Penguatan forum dialog dan kerjasama luar negeri terutama dengan negara maju terkait dengan transfer of knowledge serta transfer of technology menyangkut pengembangan sumber energi terbarukan. Melakukan penjajakan kerjasama perdagangan minyak dengan Venezuela dan Rusia sebagai bentuk diversifikasi pasokan minyak. Hal ini berkaitan dengan kemandirian energi sebagai bentuh diplomasi energi yang membawa misi politik bebas aktif Indonesia dalam kancah energi internasional. Menambah kilang minyak dengan maksud memanfaatkan jalur perdagangan minyak internasional via Indonesia. Sebagai contoh, meningkatnya kapasitas penyulingan minyak bumi di China sebesar 90 juta ton pada tahun ini. Cadangan minyak China yang ditargetkan sebesar 197 juta barel, dimana 50% minyak bumi China diimpor dari Timur Tengah. Indonesia dapat memanfaatkan peluang ini dengan menambah kilang minyak di Selat Malaka dan ada kemungkinan juga kapal tanker China melewati Alur Laut Kepulauan Indonesia lainnya yakni Selat Makassar, oleh karena itu menjadi prospek bagus untuk pembangunan kilang di utara pulau Sulawesi.

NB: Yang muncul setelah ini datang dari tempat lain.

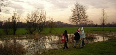 Incontro la classe 4a nei pressi del ponte pedonale che collega la montagnetta alla Villa Torretta.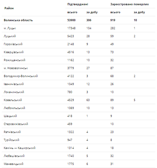 За останню добу на Волині зареєстровано 306 нових підтверджених випадків коронавірусної хвороби COVID-19 (з них дітей – 29, медпрацівників – 12). Одужало за добу – 436 осіб, летальних випадків – 10.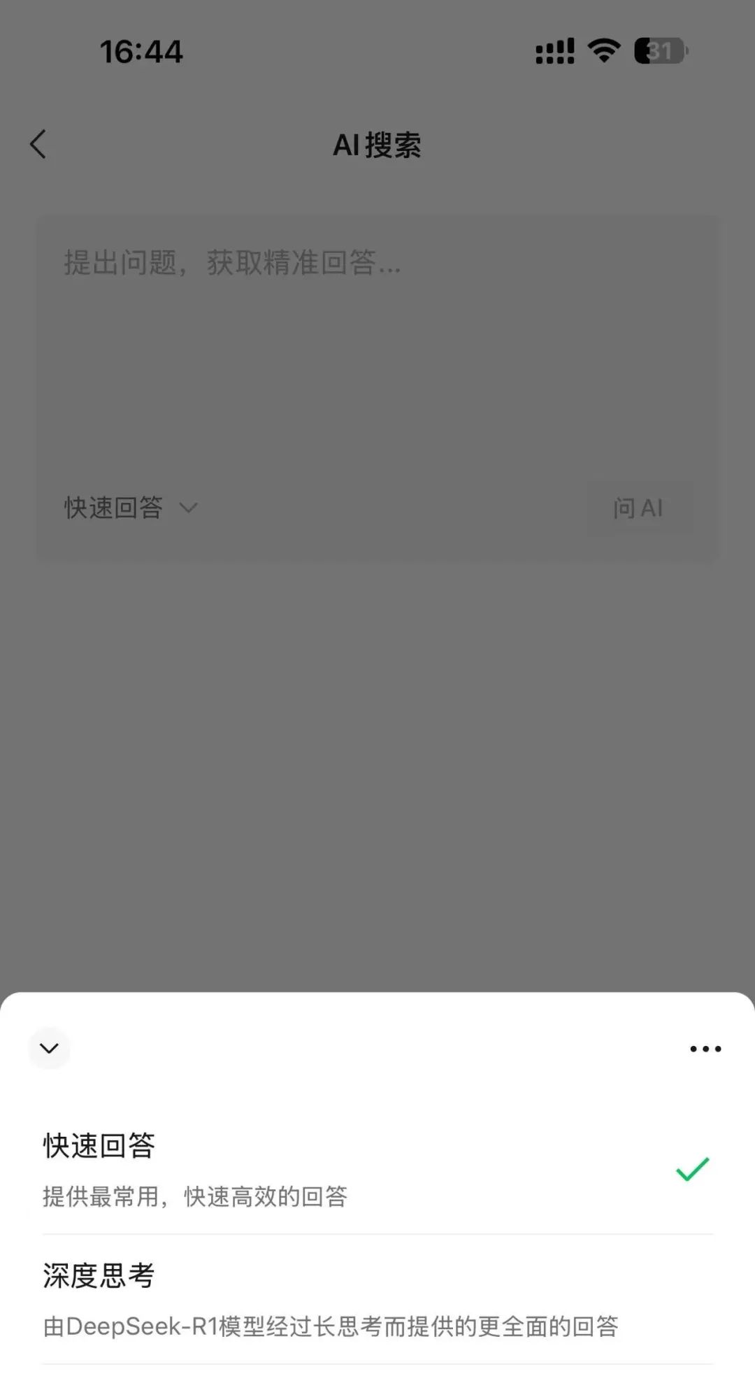2 是微信搜索接入了 DeepSeek 的 AI 搜索,不过正在灰度测试
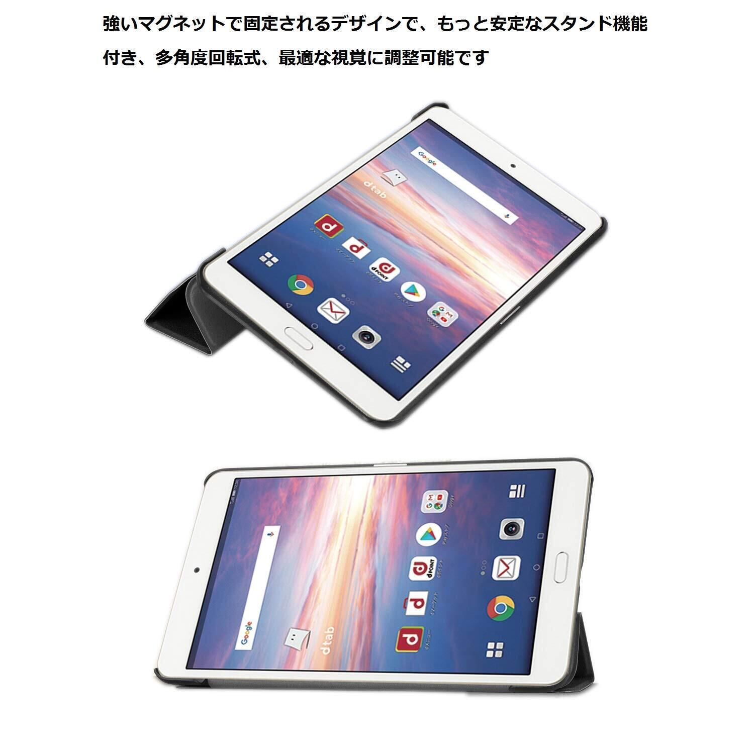 強いマグネットで固定されるデザインで、もっと安定なスタンド機能付き、多角度回転式、最適な視覚に調整可能です。フロントカバーと、バックカバーが、dtab Compact d-02K全体を保護します。バックカバーは傷や指紋からdtab Compact d-02Kを守ります。

REKOMENDASI Pertama, konservasi dan konversi energi untuk setiap sektor pemakai energi adalah merupakan suatu keharusan, oleh karenanya diperlukan upaya-upaya yang bersifat menyeluruh dan terintegrasi antara Pemerintah (terkait dengan kebijakan, regulasi, law inforcement, insentif, dst) dan masyarakat (terkait dengan kesadaran hemat energi). Kedua, perlu segera menyiapkan Undang-Undang Konservasi dan Konversi Energi. Undangundang tersebut lazim dibuat oleh negara-negara industri, dan bahkan oleh beberapa negara yang sedang berkembang. Beberapa peraturan perundangan yang pernah dibuat berkenaan dengan konservasi energi misalnya Inpres No. 9/1982 dan Keppres No. 43/1991 perlu dilakukan penyempurnaan agar masalah konservasi energi dapat berjalan sebagaimana mestinya.